Расплатившись с ушлым половым и получив полмешка горелых тыквенных семечек, мы углубились в темные коридоры гостиного двора, который был просто огромен и со всеми своими пристройками, конюшнями и складами занимал целый квартал. Несмотря на такой размах, выглядело все это довольно убого – внутренняя отделка подсобных помещений отсутствовала как таковая. Пронырливый хозяин этого вертепа, чуя запах золота, ужом вертелся вокруг нас, предлагая всевозможные услуги, от которых я, памятуя слова Миррона, немедленно отказывался, чтобы мое молчание не было истолковано как знак согласия. И тогда Люкс нашел ко мне абсолютно неожиданный подход:

– …Надеюсь, что я вас ничем не обидел? А знаете, где-то я вас уже видел… Да! Вы были в таверне во время войны и были по случаю сильно пьяны. Тогда вы случайно в канаву упали, и, кажется, звать вас, э-э… просто…

– Давно исчезли в памяти былые времена, веками стерты надписи, забыты имена, – поспешно прервал я Люкса строками из стихотворения нашего народного поэта по имени МР. – А нам нужно в город…

Все-таки хитрюга Люкс нашел брешь в моей защите. Сразу все уяснив, он потянул меня за рукав, затащив в какой-то пыльный чулан, где заговорщицки подмигнул и зашептал мне на ухо:

– Раз так, то нужны вам значки Коалиции – чтоб не попасться армейской полиции. Сейчас в Травинкалисе – военное положение, но мы имеем нужное снаряжение: нашивки и банты, шевроны и аксельбанты, в общем, все, что нужно любому солдату. Естественно, за отдельную плату. Вот в этих шкафах много разных мундиров… – Люкс затащил нас в другую маленькую комнатку и отомкнул здоровенный платяной шкаф, весь забитый одеждой. – Представляю наряд данийского командира: накидка лиловая сатиновая, шляпа черная, габардиновая… й-э-эх, моль поела, обидно… Но ничего, издалека не видно. К форме приложены шарф семипрядный, лента, перчатки и вымпел отрядный. Все вместе стоит… четыре тысячи цехинов, а если еще и с орденами – полтысячи скину…

– Короче, болтун, – оборвал его я. – Что здесь самое дешевое?

– Предлагаю регалии таежных воителей – ленты, гербы и амулеты-хранители.

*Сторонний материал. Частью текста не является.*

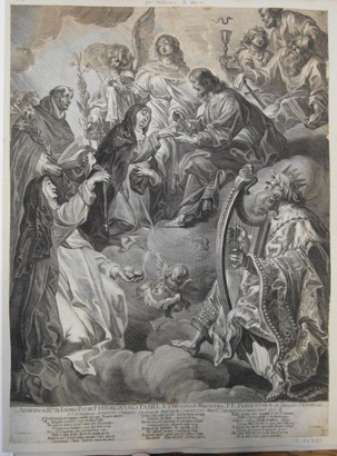 ADMODVM Rdo & EXIMO PATRI P HIERONYMO FABRI, S. THEOLOGIÆ MAGISTRO, F.F. PRÆDICATORVM IN BELGIO PROVINCIALI / S. CATHARINAE SENENSIS CHRISTO DESPONSÆ IMAGINEM, CONVENTVS BRVXellensis CONGRATVLATIONIS ERGÔ D. C. Q.

Нынче в каждом кабаке видишь их грязные рожи, и с ними никто не связывается – себе же дороже.

Теперь мы – отвязные и полудикие лесные бойцы. Я и Штырь обошлись ленточками рядовых, а Таниус прицепил себе капитанскую розетту. За какие-то цветные тряпки и невзрачные гербы клана Дубового Листа, которые так и подмывало обозвать «гербариями», Люкс содрал с нас по десять марок (за такие деньги можно было пошить себе неплохой костюм), заявив при этом, что «лучшим друзьям лучшего друга» скинул цену вдвое.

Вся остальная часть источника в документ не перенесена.